Film „Paryż może poczekać” w kinach promowany jest jako komedia romantyczna, która przyciągnie widza nazwiskami. I faktycznie, tak było w moim przypadku. W roli głównej urocza Diane Lane, znana ze znakomitych ról w takich filmach, jak m.in. „Niewierna” czy „Pod słońcem Toskanii” i Alec Baldwin jako jej filmowy mąż. Arnaud Viard nie był mi znany, a to on, a nie Baldwin gra drugą główną rolę w tym filmie.
Zaczyna się tak, jak w „Blue Jasmine” Allena - widzimy zamożne małżeństwo, które jest w podróży służbowej w Cannes. Stamtąd producent filmowy i jego żona mają jechać na plan filmowy do Budapesztu, a później na wymarzony i długo planowany urlop do Paryża. W dniu wyjazdu Anne (Diane Lane) zaczynają boleć uszy. Dolegliwość ta sprawia, że kobieta rezygnuje z lotu samolotem i wybiera podróż samochodem prosto do Paryża, ze wspólnikiem Michaela (Alec Baldwin), Jacquesem (Arnaud Viard).
Zgodnie z planem Anne ma być w Paryżu wieczorem, ale uroczy Francuz serwuje jej mnóstwo atrakcji po drodze. Zacznijmy od tego, że Jacques nie jest mistrzem kierownicy, ale jest za to miłośnikiem francuskiej kuchni, o czym Anne przekonuje się podczas pierwszego wieczoru w hotelowej restauracji w jednym z francuskich miasteczek - w końcu Paryż może poczekać, a wielki głód nie. Ciekawe jest to, że za wszystko płaci Anne, bo Jacques dziwnym trafem zapomniał swojej karty kredytowej. Pyszne kakao z rana sprawia, że kobieta całkiem o tym zapomina. Ich dalsza podróż mija na słuchaniu muzyki, rozmowach, zwiedzaniu pięknych miejsc i oczywiście na jedzeniu.
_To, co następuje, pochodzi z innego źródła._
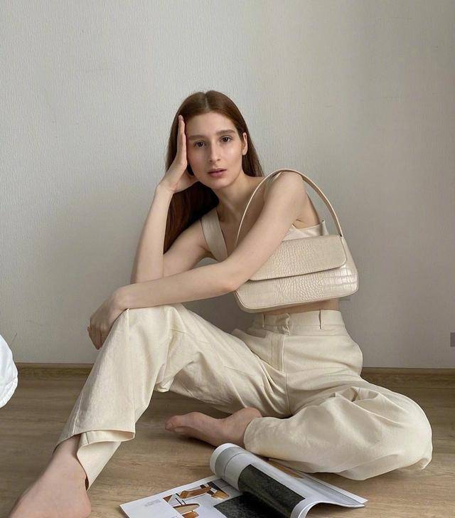 許多小可愛並不是很喜歡純白的套裝,這樣的造型大街上一抓一大把,我們就可以穿相近的顏色。Lespgdn的這一套米白色的套裝款式,就極具大膽和優雅,拎上一個同色的腋下包分分鐘走出都市麗人的風範。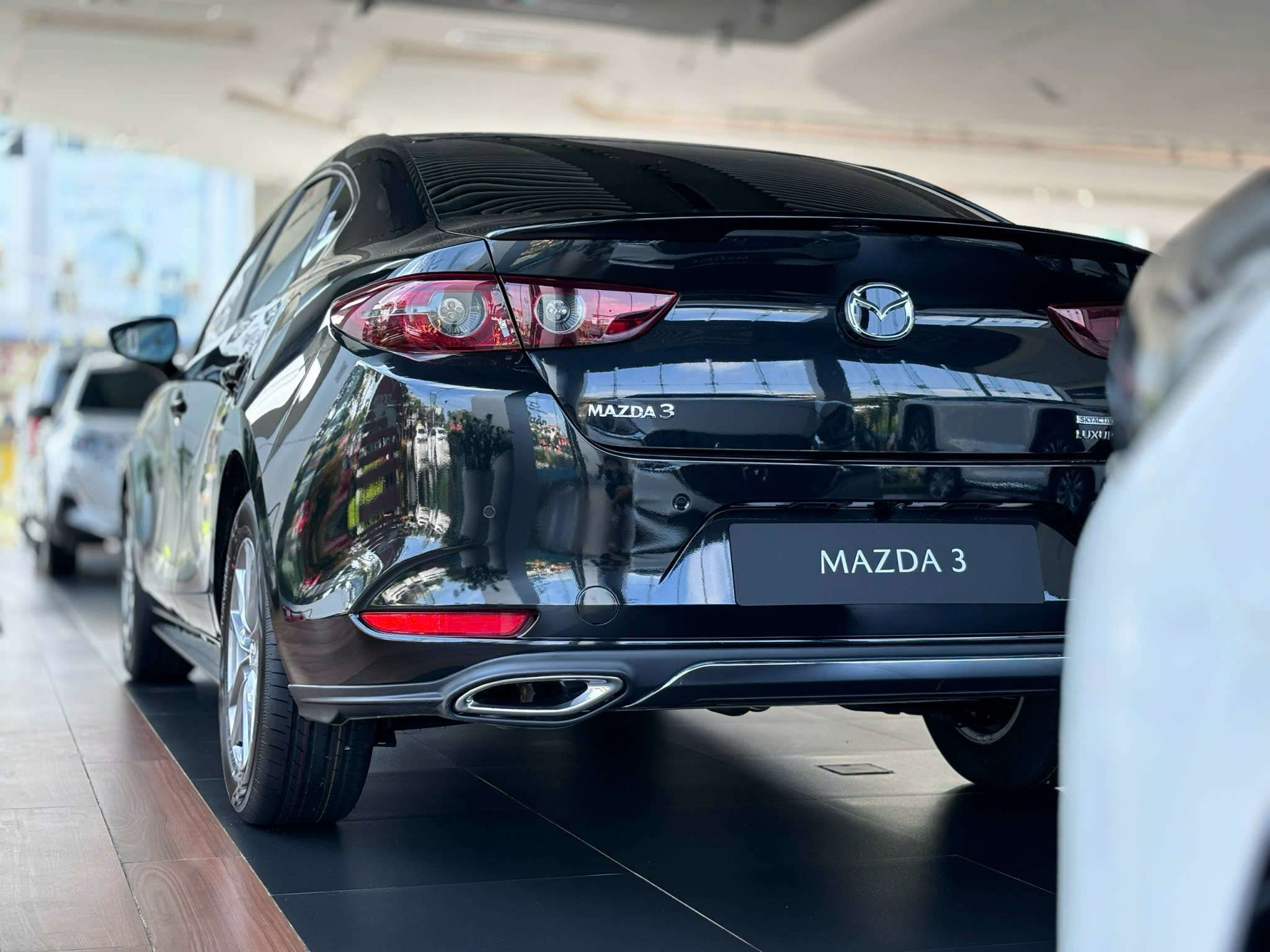 Mazda3 2025 sử dụng ống xả kép, thiết kế đuôi cốp theo phong cách vuốt lên và chờm ra khỏi mặt phẳng của cốp xe cực kỳ thể thao và cá tính. Ở bản deluxe không được trang bị ốp cản thể thao.

Na to zawsze jest odpowiednia pora, tak samo jak na papierosa, z którym Jacques się nie rozstaje.
Czy wspólna podróż do Paryża zbliży do siebie dwoje ludzi? Czy Anne zdradzi swojego męża Michaela, który ją zaniedbuje, i wybierze romantyczne uniesienia z dość męczącym, ale urokliwym Francuzem? Te pytania widz zadaje sobie od samego początku. W końcu to komedia romantyczna.
Zakończenie może zaskoczyć
Eleanor Coppola przygotowała nam jednak mało oczywiste zakończenie i to uratowało ją przed bardzo złymi recenzjami. W przeciwnym razie „Paryż może poczekać” wrzucilibyśmy do jednego worka z mało śmiesznymi polskimi komediami, jak „Porady na zdrady” czy „Śniadanie do łóżka”, które nasi twórcy starają się robić według amerykańskiego modelu.
Filmu Coppoli broni rola Diane Lane i wakacyjny klimat Francji, który reżyserce faktycznie udało się oddać, ale czy widz, jak filmowa Anne, chciałby wyruszyć w podróż z Jacquesem do Paryża? Dla mnie to trochę nudny przewodnik po Francji.